Joe Klein meanwhile explains “how Ted Kennedy found himself” in a personal remembrance of the man he knew for many years.

Michael Tomasky writes in the Guardian in his moving piece:

One would be hard pressed to argue that Ted Kennedy’s death was a more bitter pill for the country than the deaths of his brothers before him – John, the young president whose assassination gave Americans a hard warning about the violent age they were about to enter, or Robert, the presidential aspirant who was thought at the time to be the last leader in America who might have been able to help the nation transcend that violence.

Nevertheless, the heavens have somehow conspired to make this Kennedy death, however expected it might have been, nearly as heartbreaking as those of his vigorous younger brothers.

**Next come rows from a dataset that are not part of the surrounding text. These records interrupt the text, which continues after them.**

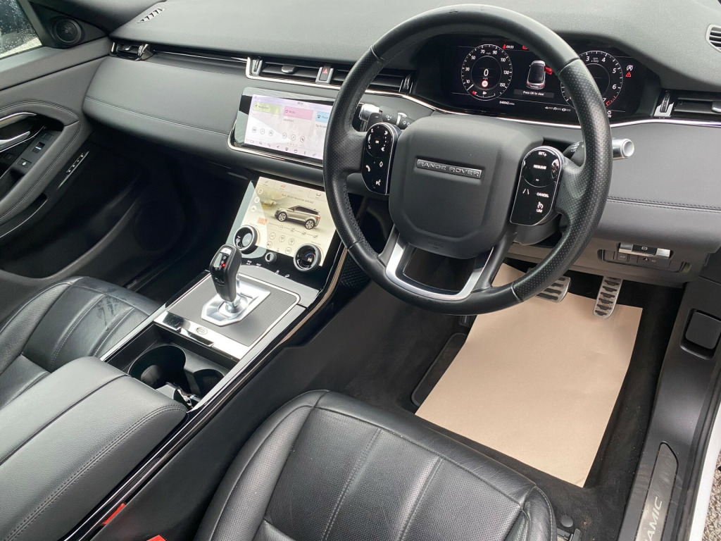 This 2019 Land Rover Range Rover Evoque 2.0 P250 MHEV R-Dynamic SE SUV with 40042 miles on the clock is a stylish and powerful vehicle. This SUV runs on Petrol and is ULEZ compliant, making it environmentally friendly. With 5 seats and 5 doors, it offers plenty of space for passengers and cargo. The MOT expires on 25/02/2027, providing peace of mind for the future. Equipped with features such as 14-way Heated Electric Memory Front Seats, 40-20-40 Split Fold Rear Seat, Auto-Dimming Interior Rear View Mirror, Black Gearshift Paddles, and Bright Metal Pedals, this car offers comfort and convenience for the driver and passengers. With its Euro 6 (s/s) (249 ps) engine and automatic 4WD transmission, this SUV delivers a smooth and powerful driving experience.- Service history - Supplied with 12 months MOT - Finance available - Part exchange welcome - Extended warranties available , -way - heated electric memory front seats, 40-20-40 split fold rear seat, auto-dimming interior rear view mirror, black gearshift paddles, bright metal pedals, carpet mats, chrome treadplates, climate control - rear vents, headlining - ebony morzine, interactive driver display, interior lighting, manually adjustable steering column, overhead lighting console, overhead stowage for sunglasses, passive front headrests, perforated leather steering wheel, powered tailgate, push button start, rain sensing windscreen wipers and automatic headlights - automatic, seats - rear centre head restraint, smart settings, sun visors - illuminated vanity mirrors, trim finish - gradated linear dark aluminium, twin front cupholders with cover, twin sliding front centre armrest, two-zone climate control, 20in alloy wheels - 5 split-spoke - style 5079 - gloss sparkle silver, all season tyres, auto-dimming power fold - heated door mirrors with memory and approach lights, body coloured roof, electric windows with one-touch open-close and anti-trap, evoque and r-dynamic badge, flush deployable door handles, heated rear window with timer, locking wheel nuts, p250 badge, r-dynamic exterior pack, rear fog lights, se badge, shadow atlas - range rover - bonnet and tailgate script, tailgate spoiler, tyre repair system, windscreen - heated, windscreen washer jets - heated, 360 degree parking aid, atpc - all terrain progress control, brake pad wear indicator, cruise control and speed limiter, driver condition monitor, epas - electronic power assisted steering, efficient driveline, park assist, passive suspension, rear view camera, tpms - tyre pressure monitoring system, terrain response 2, torque vectoring, traffic sign recognition and adaptive speed limiter, voice control, abs - anti lock braking system, airbags - driver knee, airbags - front - driver and front passenger, autonomous emergency braking, clear exit monitor, customer configurable autolock, dsc - dynamic stability control, eba - emergency brake assist, ebd - electronic brake-force distribution, etc - electronic traction control, electric parking brake, hdc - hill descent control, hill launch assist, intrusion sensor, lane keep assist, low traction launch, power operated child locks, rsc - roll stability control, rear isofix, rear traffic monitor, seat belt reminder, side curtain airbags and thorax, android auto, apple carplay, bluetooth connectivity, dab - digital audio broadcast, incontrol - remote app, incontrol apps, navigation pro, power socket pack 1, pro services and wi-fi hotspot, sound system, touch pro duo, automatic headlight levelling, headlights - automatic high beam assist, premium led headlights with signature drl
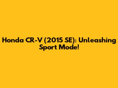 Sport mode in the 2015 SE Honda CR-V can truly transform your driving experience, offering enhanced responsiveness and quicker acceleration when you need it most. By understanding how to engage it, when to use it, and its potential downsides, you can make informed decisions about whether it's right for you. So, go ahead and explore the sporty side of your CR-V – you might just discover a new level of driving enjoyment! Remember to always drive safely and responsibly, and use sport mode judiciously to maximize its benefits without sacrificing fuel economy or vehicle longevity. Happy driving!
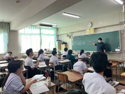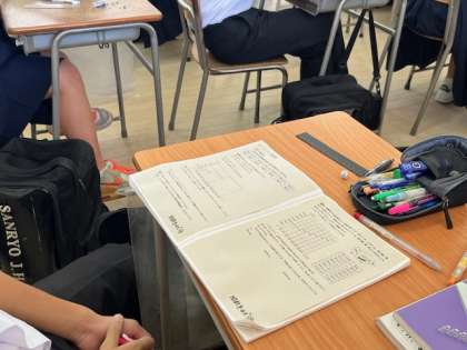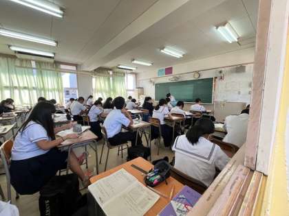 2年生・3年生の「数学」の授業の様子です。理解力を深め、考える力をつけ、「深い学び」に結びつけています。2年生では、学級を2分割しての少人数での授業展開を行っています。
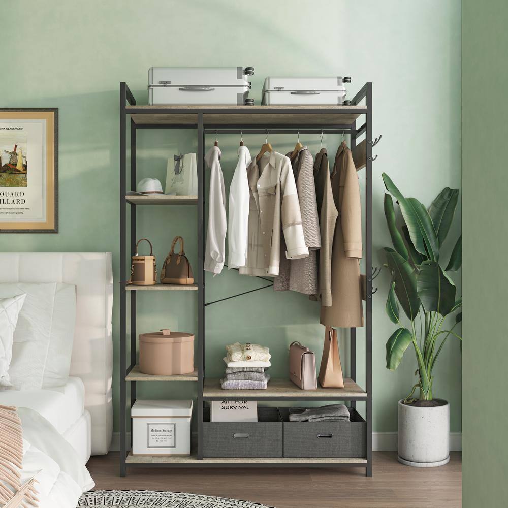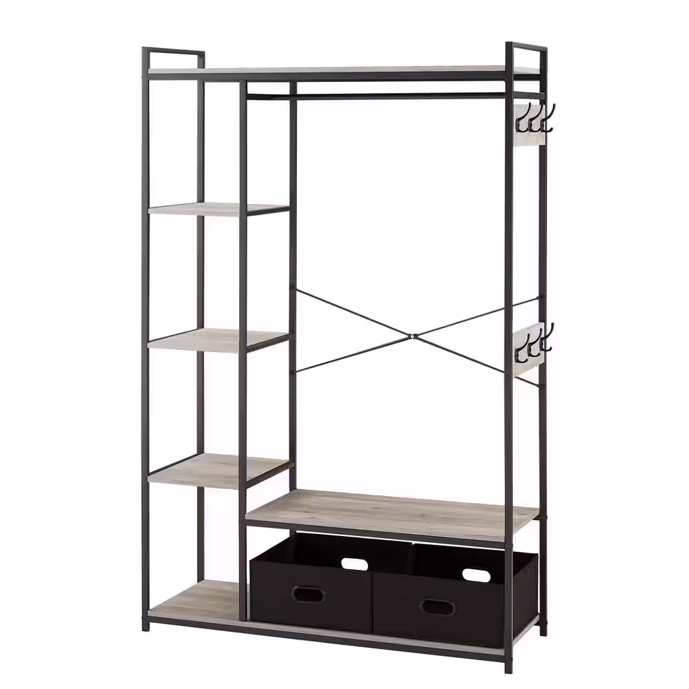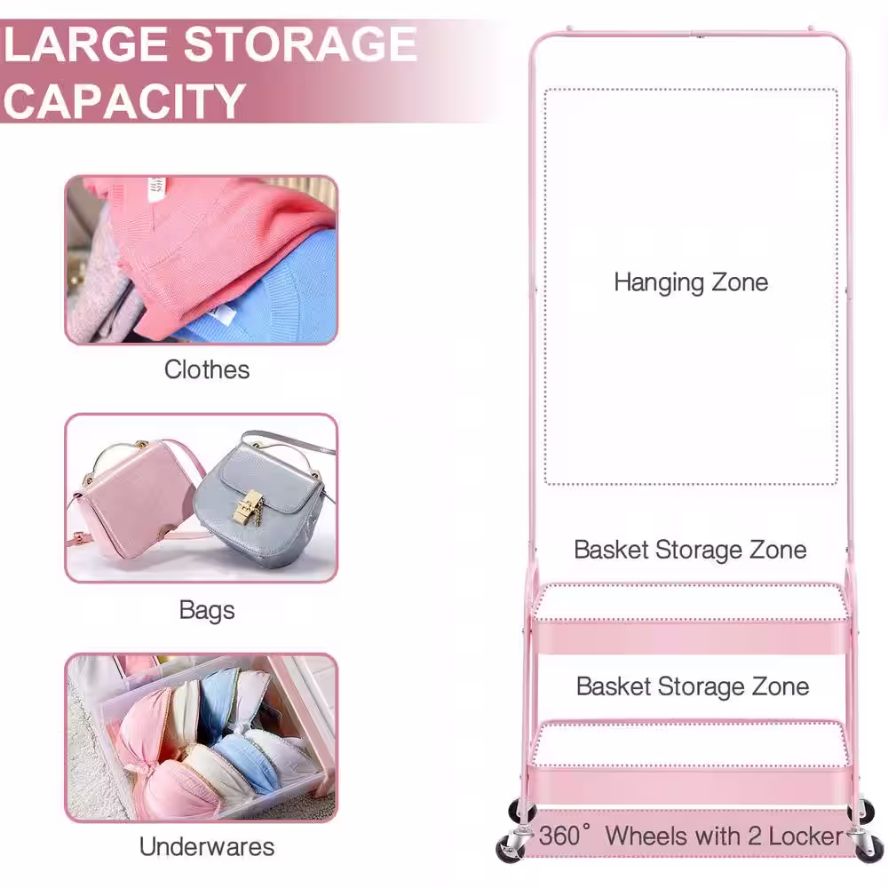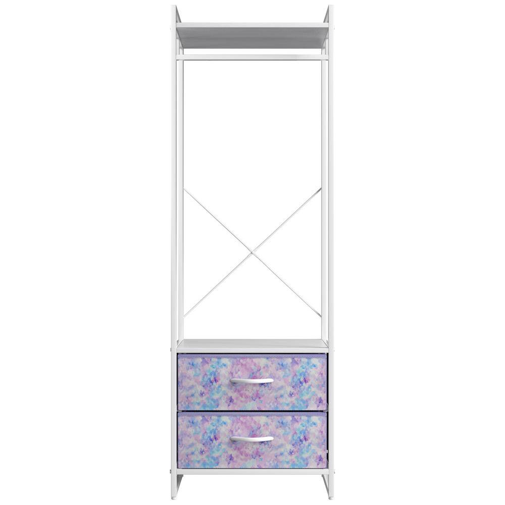 Sorbus Tie-Dye Purple Steel Clothes Rack with Fabric Drawers and Wood Top 15.25 in. W x 70 in. H
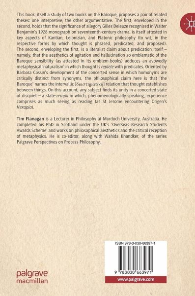 This book, itself a study of two books on the Baroque, proposes a pair of related theses: one interpretive, the other argumentative. The first, enveloped in the second, holds that the significance of allegory Gilles Deleuze recognized in Walter Benjamin's 1928 monograph on seventeenth century drama is itself attested in key aspects of Kantian, Leibnizian, and Platonic philosophy (to wit, in the respective forms by which thought is phrased, predicated, and proposed).The second, enveloping the first, is a literalist claim about predication itself - namely, that the aesthetics of agitation and hallucination so emblematic of the Baroque sensibility (as attested in its emblem-books) adduces an avowedly metaphysical 'naturalism' in which thought is replete with predicates. Oriented by Barbara Cassin's development of the concerted sense in which homonyms are critically distinct from synonyms, the philosophical claim here is that 'the Baroque' names the intervallic [d s µ ] relation that thought establishes between things. On this account, any subject finds its unity in a concerted state of disquiet - a state-rempli in which, phenomenologically speaking, experience comprises as much seeing as reading (as St Jerome encountering Origen's Hexapla).
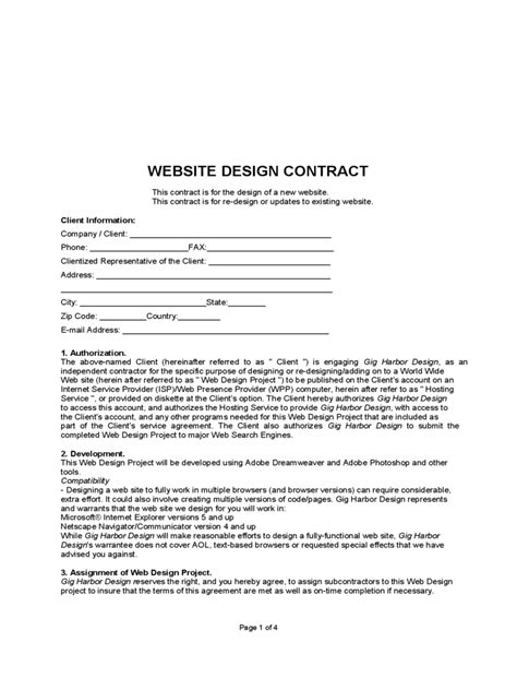 Web Web Design Contract Template.
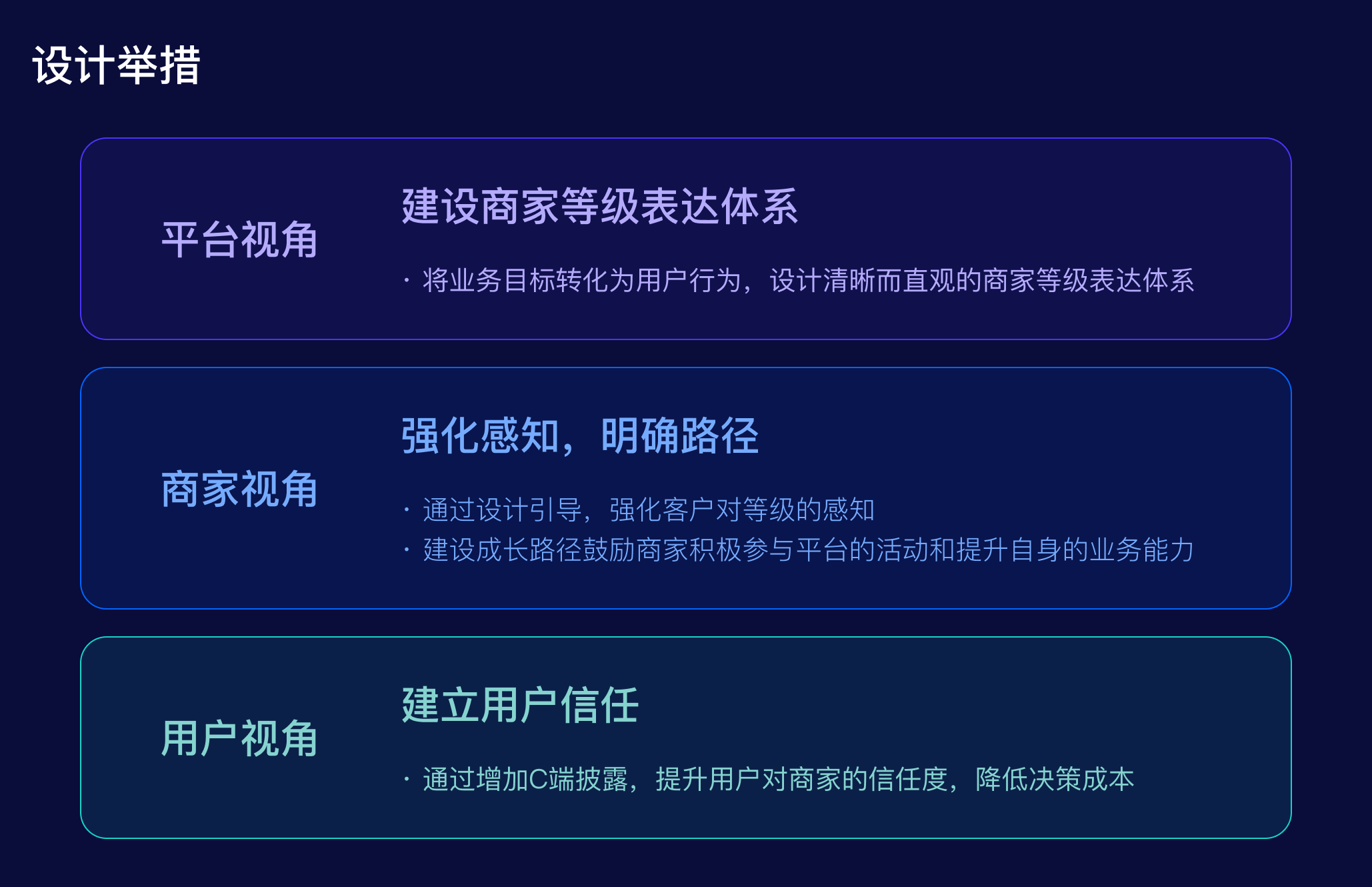 我們需要建立C端用戶信任,傳達商家等級的重要性,提升用戶對商家的認可度和信任度,幫助用戶減少決策成本,同時增加商家的自豪感和動力,促進商家與用戶,商家與平臺之間的價值轉化。

Charles P. Pierce writes in a long piece about Ted Kennedy’s life and career about how the events in Chappaquiddick shortly before the first man landed on the moon affected the rest of Senator Ted Kennedy’s career:

She’s always there. Even if she doesn’t fit in the narrative line, she is so much of the dark energy behind it. She denies to him forever the moral credibility that lay behind not merely all those rhetorical thunderclaps that came so easily in the New Frontier but also Robert Kennedy’s anguished appeals to the country’s better angels. He was forced from the rhetoric of moral outrage and into the incremental nitty-gritty of social justice. He learned to plod, because soaring made him look ridiculous…

And if his name were Edward Moore, he would have done time.